##### Provided entries

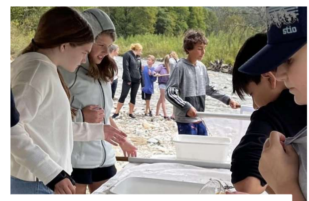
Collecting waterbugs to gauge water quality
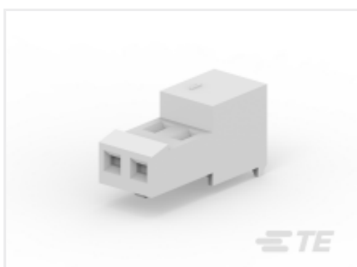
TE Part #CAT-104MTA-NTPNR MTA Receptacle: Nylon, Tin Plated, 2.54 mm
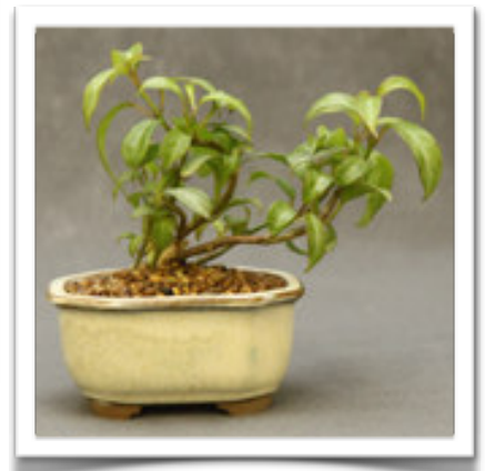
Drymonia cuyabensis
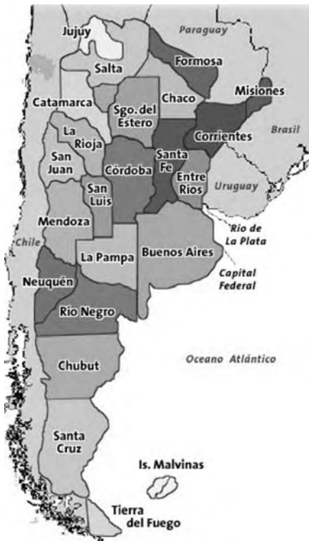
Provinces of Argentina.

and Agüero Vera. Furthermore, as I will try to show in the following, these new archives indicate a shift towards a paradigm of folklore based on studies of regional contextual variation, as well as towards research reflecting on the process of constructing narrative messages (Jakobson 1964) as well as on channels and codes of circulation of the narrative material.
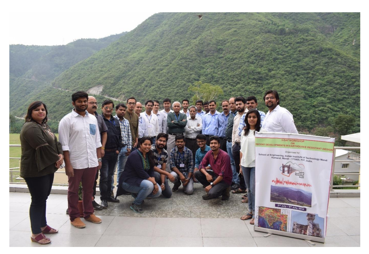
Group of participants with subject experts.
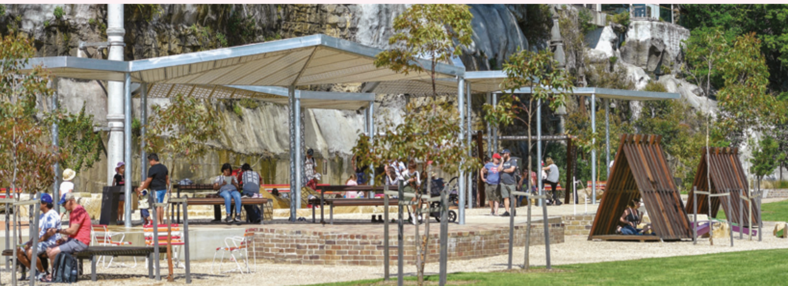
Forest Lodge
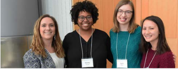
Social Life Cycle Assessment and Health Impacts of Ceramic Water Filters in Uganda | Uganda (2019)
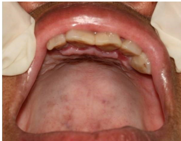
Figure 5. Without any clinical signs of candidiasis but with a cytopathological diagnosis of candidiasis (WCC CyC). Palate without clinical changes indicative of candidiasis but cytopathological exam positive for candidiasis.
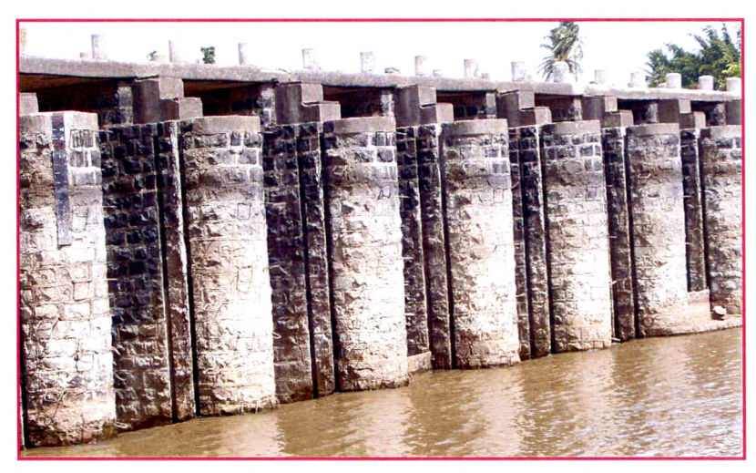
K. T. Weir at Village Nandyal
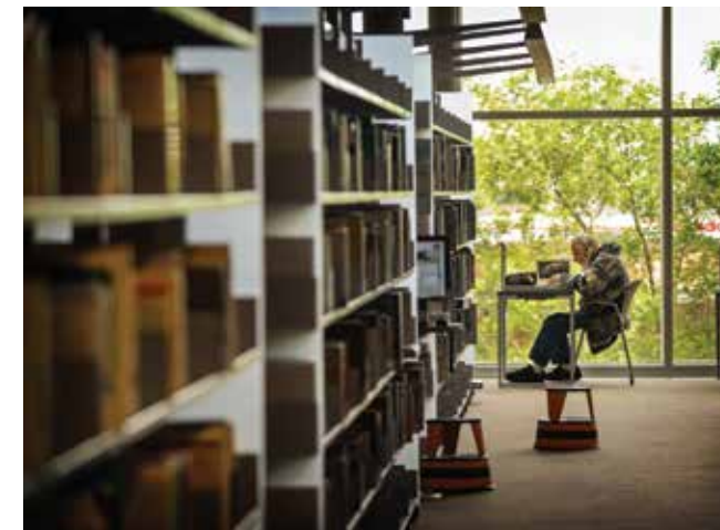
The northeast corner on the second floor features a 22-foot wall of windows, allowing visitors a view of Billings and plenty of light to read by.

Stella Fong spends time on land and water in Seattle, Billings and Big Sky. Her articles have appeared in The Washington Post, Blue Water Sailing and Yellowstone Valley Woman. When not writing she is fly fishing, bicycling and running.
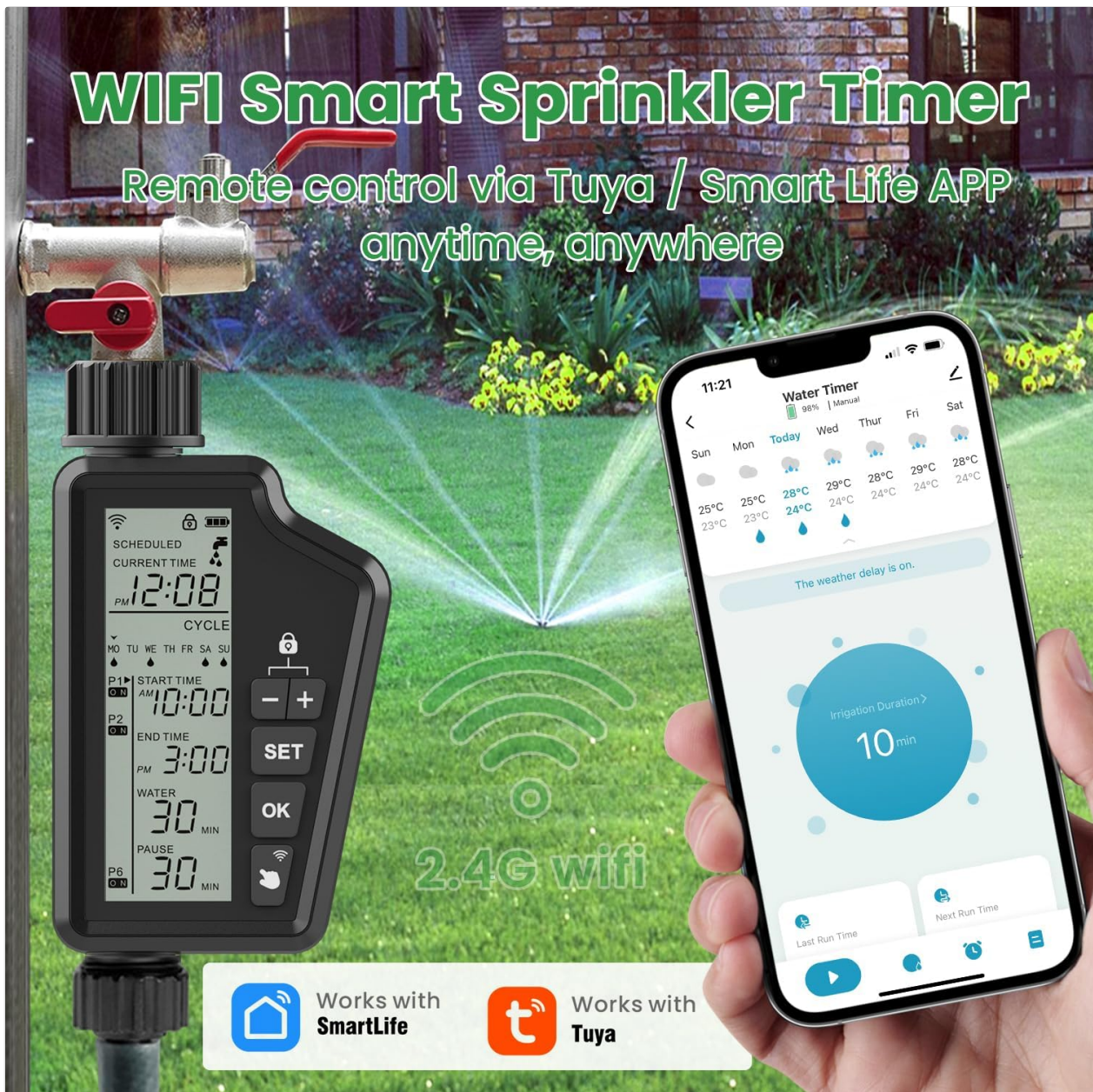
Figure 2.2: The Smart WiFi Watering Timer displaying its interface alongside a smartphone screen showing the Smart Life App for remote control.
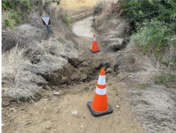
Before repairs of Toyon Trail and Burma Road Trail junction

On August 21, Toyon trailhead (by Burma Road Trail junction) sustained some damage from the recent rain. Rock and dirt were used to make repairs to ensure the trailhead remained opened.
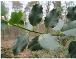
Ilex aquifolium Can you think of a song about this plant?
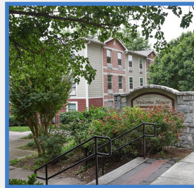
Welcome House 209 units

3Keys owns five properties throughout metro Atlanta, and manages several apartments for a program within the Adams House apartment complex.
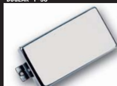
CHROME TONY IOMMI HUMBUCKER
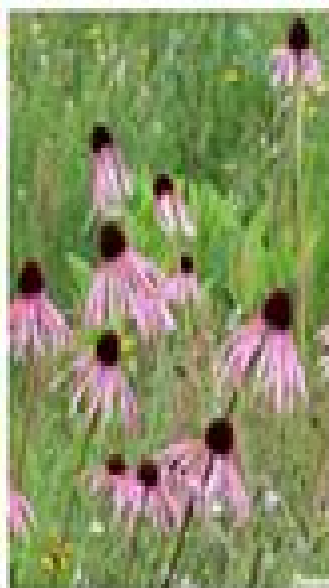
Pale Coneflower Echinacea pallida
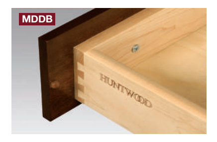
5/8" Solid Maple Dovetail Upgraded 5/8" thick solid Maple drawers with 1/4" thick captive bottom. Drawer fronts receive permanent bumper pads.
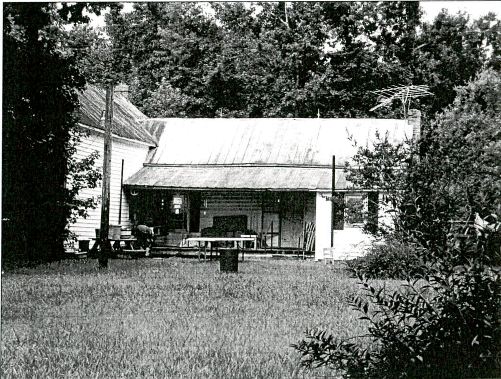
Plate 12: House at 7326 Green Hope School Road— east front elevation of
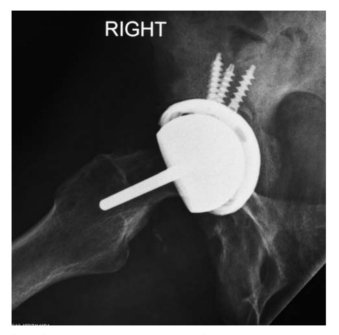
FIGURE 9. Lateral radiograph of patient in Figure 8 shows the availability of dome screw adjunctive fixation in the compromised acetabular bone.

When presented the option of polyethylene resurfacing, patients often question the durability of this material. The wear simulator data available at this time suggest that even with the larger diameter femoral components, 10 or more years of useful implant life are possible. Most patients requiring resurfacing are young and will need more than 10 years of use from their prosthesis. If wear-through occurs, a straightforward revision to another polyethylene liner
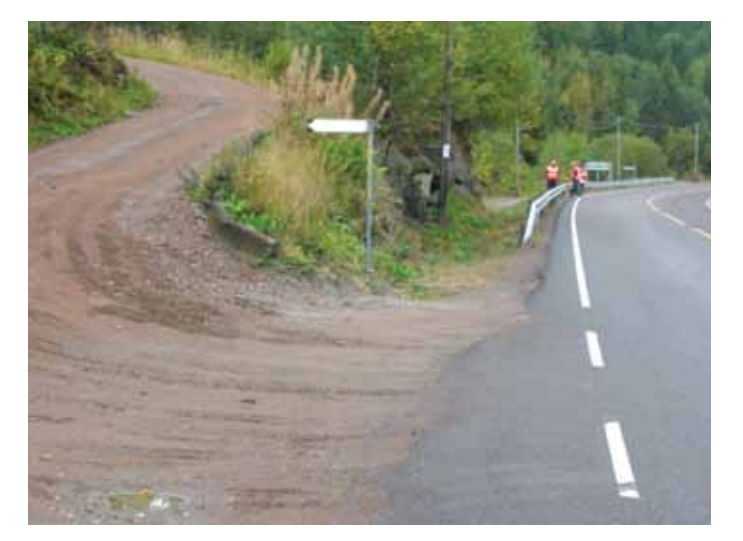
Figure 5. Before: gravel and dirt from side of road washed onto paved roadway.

##########

** Aim of the task **
The lines to set down run from the line with "Stella Fong spends" up to and including the line with "Ilex aquifolium Can" in the entries above. Reproduce them exactly, with no pictures.

** Written response **
Stella Fong spends time on land and water in Seattle, Billings and Big Sky. Her articles have appeared in The Washington Post, Blue Water Sailing and Yellowstone Valley Woman. When not writing she is fly fishing, bicycling and running.
Figure 2.2: The Smart WiFi Watering Timer displaying its interface alongside a smartphone screen showing the Smart Life App for remote control.
Before repairs of Toyon Trail and Burma Road Trail junction

On August 21, Toyon trailhead (by Burma Road Trail junction) sustained some damage from the recent rain. Rock and dirt were used to make repairs to ensure the trailhead remained opened.
Ilex aquifolium Can you think of a song about this plant?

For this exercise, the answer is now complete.